Quantum is targeting the midrange network-attached storage (NAS) market by acquiring key technology, intellectual property, assets, and personnel from Connex, a NAS manufacturer and subsidiary of Western Digital. With the $11 million purchase, Quantum plans to bolster its Snap Appliances Snap Server product line with Connex's technology and target an "underserved" market segment, according to the company.

"We're expanding our product line upward from the core entry level and workgroup segment of the NAS market that we serve today," says Michael Brown, Quantum's chairman and CEO.

The acquisition includes a Linux development team that will work on enhancing Quantum's and Connex's NAS operating systems. Quantum also purchased the rights to an unannounced product line, which formed the basis for Connex's relationship with Gateway. In addition, Western Digital will supply hard disk drives to Snap Appliances.

While Quantum did purchase Connex assets, it did not purchase the company or its name. Connex will still exist as a company, according to officials at Connex's parent company Western Digital. Connex subsidiary SANavigator is not affected by the agreement.

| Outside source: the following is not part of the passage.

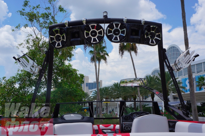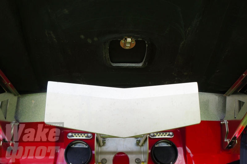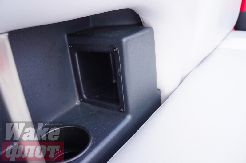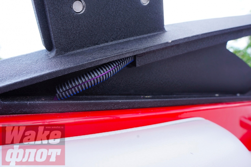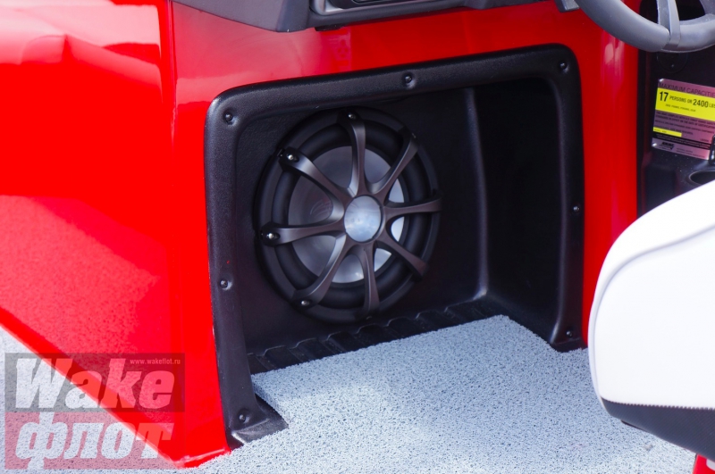 Сабвуфер Wet Sounds закрыт мощной решеткой, но пластиковый кожух ниши черного цвета из тонкого пластика крепится саморезами к корпусу без всяких изысков - выглядит это не очень...

Snap Appliances will support the Connex N1000 products; however, the Connex N3000 product line was not bought by Quantum. Support for N3000 was still being determined at press time, according to Western Digital.

The key product strategy Quantum will focus on is incorporating the best features of the ConnexOS into the Snap OS to create a more robust, enterprise-class operating system.

Previously, Quantum had been targeting the sub-$10,000 NAS product market. With the acquisition of Connex's technology, it hopes to offer performance and capacity in the $20,000 range.

While not initially tackling NAS market leaders EMC and Network Appliance, Snap's newest 12-drive NAS product-though not a result of the Connex acquisition-will offer terabyte-level capacities. Quantum plans to offer more enterprise-class features in its products in the future.